▶ [Available data]
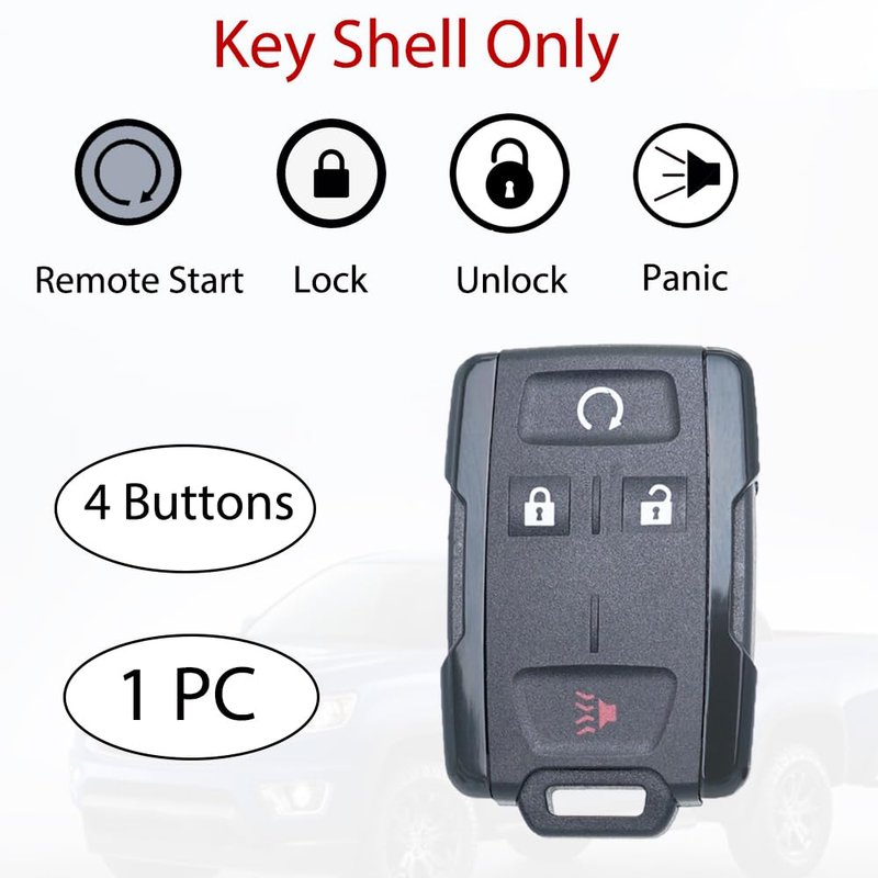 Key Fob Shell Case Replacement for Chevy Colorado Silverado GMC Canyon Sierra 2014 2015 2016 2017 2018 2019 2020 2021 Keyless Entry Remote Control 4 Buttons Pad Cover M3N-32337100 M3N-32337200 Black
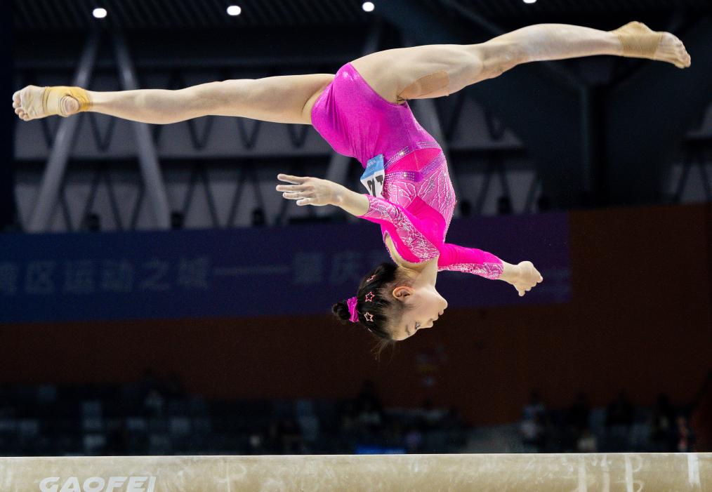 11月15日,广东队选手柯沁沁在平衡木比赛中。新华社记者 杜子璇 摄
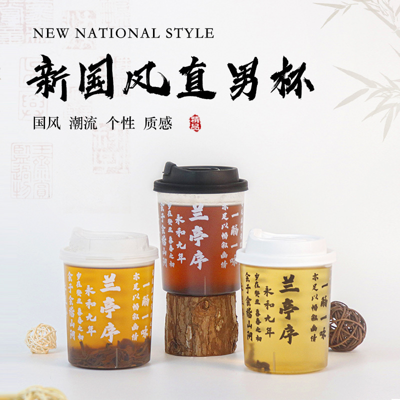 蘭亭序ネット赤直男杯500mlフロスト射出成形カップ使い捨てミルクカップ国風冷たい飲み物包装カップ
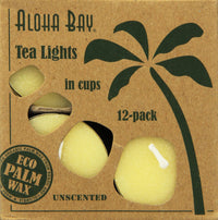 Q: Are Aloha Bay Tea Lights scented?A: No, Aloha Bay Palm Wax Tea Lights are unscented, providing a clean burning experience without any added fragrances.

---

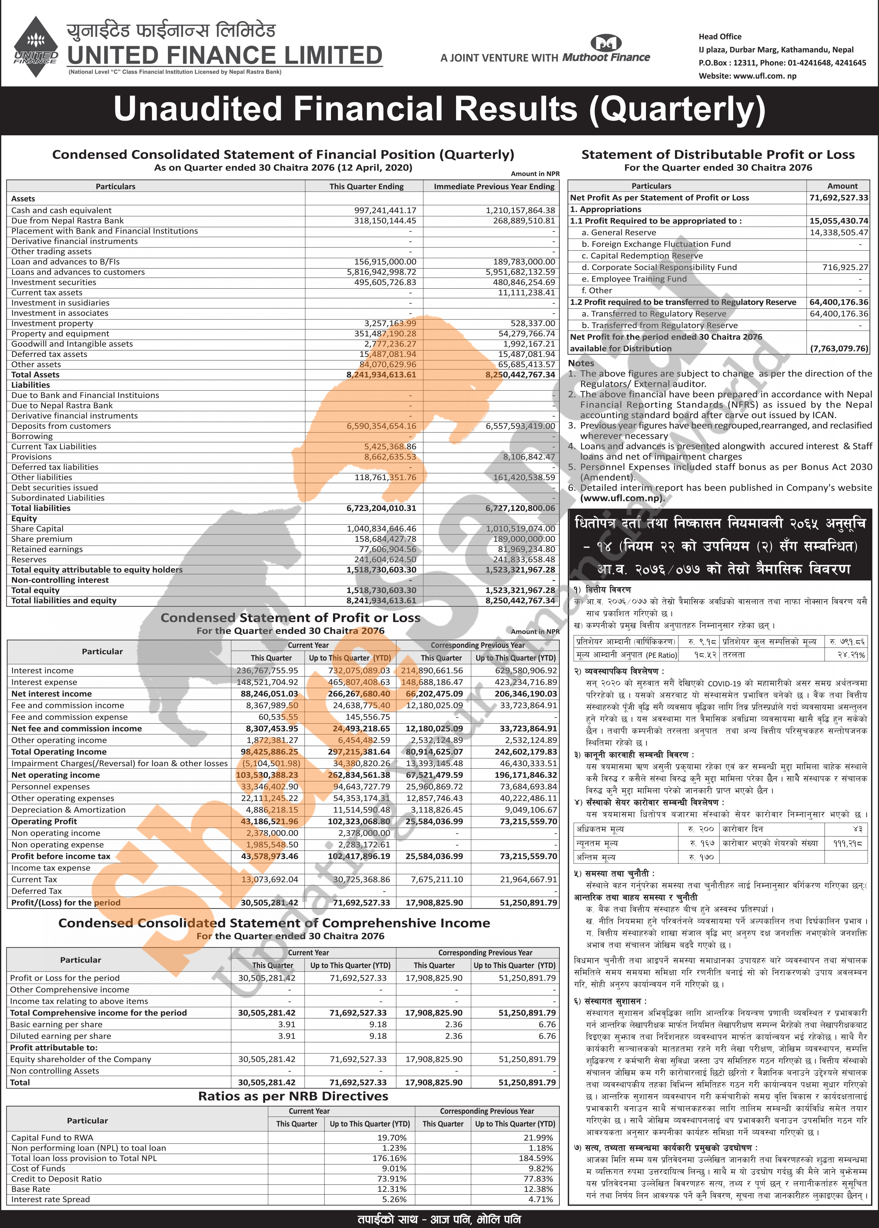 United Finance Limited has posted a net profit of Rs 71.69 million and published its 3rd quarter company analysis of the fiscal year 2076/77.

* * *

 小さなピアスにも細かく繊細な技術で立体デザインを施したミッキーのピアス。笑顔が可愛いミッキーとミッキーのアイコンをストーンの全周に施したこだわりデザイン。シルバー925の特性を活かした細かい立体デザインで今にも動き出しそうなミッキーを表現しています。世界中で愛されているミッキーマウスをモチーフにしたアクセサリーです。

▶ [What you need to do] Copy out exactly the material that runs from the line with "Key Fob Shell" to the line with "蘭亭序ネット赤直男杯500m", ends included, and leave the pictures behind.

▶ [Exercise solution]
 Key Fob Shell Case Replacement for Chevy Colorado Silverado GMC Canyon Sierra 2014 2015 2016 2017 2018 2019 2020 2021 Keyless Entry Remote Control 4 Buttons Pad Cover M3N-32337100 M3N-32337200 Black
 11月15日,广东队选手柯沁沁在平衡木比赛中。新华社记者 杜子璇 摄
 蘭亭序ネット赤直男杯500mlフロスト射出成形カップ使い捨てミルクカップ国風冷たい飲み物包装カップ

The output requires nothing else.